• _Assignment_:
Both ends included, restate word for word the lines from the first line of the listing through the line containing "Selling a RED". Leave the pictures out.

Segment Start: Given material

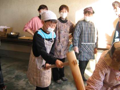 6月から育ててきたお米でもちつきをしました。きねとうすを用意していただき、全員で10回ずつつきました。中村さん、山下さん、JAの方、女性部の方々に協力していただきました。ありがとうございました。つきたてのもちは、やわらかく、みんな何度もおかわりをするくらい、おいしかったです。
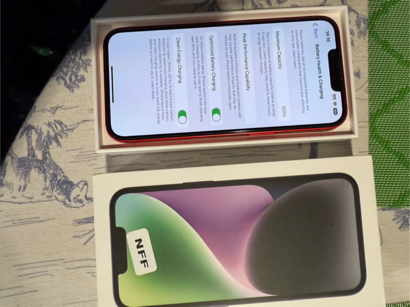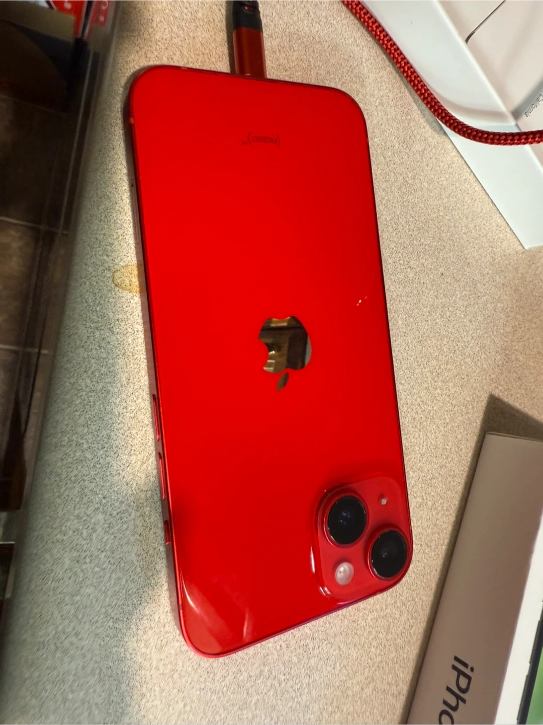 Selling a RED iPhone 14. It comes with its original box and charging cable. This phone has a dual-camera system for great photos and videos. It's in great condition! 128 GB Battery 100% Unlocked
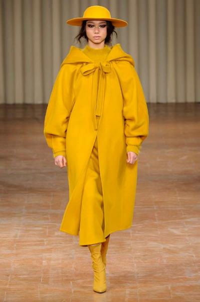 Una collezione che richiama Venezia e i ritratti di Giovanni Boldini, che ritroviamo nelle stampe e nei ricami dorati. Abiti e cappe con la stampa di piazza san Marco e i canali, giacche e cappotti doppio petto con grandi bottoni d’oro e ricami, tessuti stampati a righe, colli alla marinara ma anche tocchi di gran femminilità tra piume e ruches. Eleganti abiti rosa e giallo senape e fluttuanti vestiti da sera neri, rossi e viola. Per la prima volta in passerella anche il velo islamico, l’hijab, indossato dalla modella somalo americana Halima Aden. A fine show non può mancare il richiamo alla prima Capsule Collection firmata Alberta Ferretti, la Rainbow Week Capsule Collection, sette maglioni in cashmere di sette tonalità diverse, una per ogni giorno della settimana, con tanto di scritta, dal “Monday” al “Sunday”
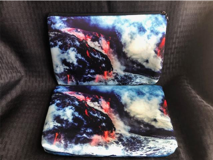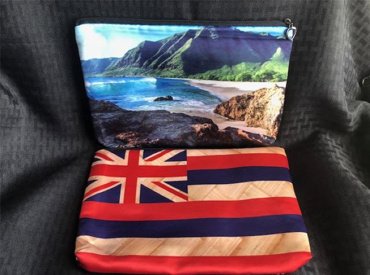 Our Photo Clutches are an Ilihia Hawaii exclusive! Our original images have been Sublimated on durable nylon material, then sewn into clutches measuring approximately 6.5” high x 10” wide. These zippered bags are made with nylon material throughout. There are a couple of pockets on the interior to hold Id’s, credit-cards and other essentials. Interested in having us create a custom design of your own? Custom designed Photo Clutches are $40 each. The minimum order is 50 bags. Email us at ilihiahawaii@gmail.com to discuss design ideas.

Segment End: Given material

• _Answer below_:
 6月から育ててきたお米でもちつきをしました。きねとうすを用意していただき、全員で10回ずつつきました。中村さん、山下さん、JAの方、女性部の方々に協力していただきました。ありがとうございました。つきたてのもちは、やわらかく、みんな何度もおかわりをするくらい、おいしかったです。
 Selling a RED iPhone 14. It comes with its original box and charging cable. This phone has a dual-camera system for great photos and videos. It's in great condition! 128 GB Battery 100% Unlocked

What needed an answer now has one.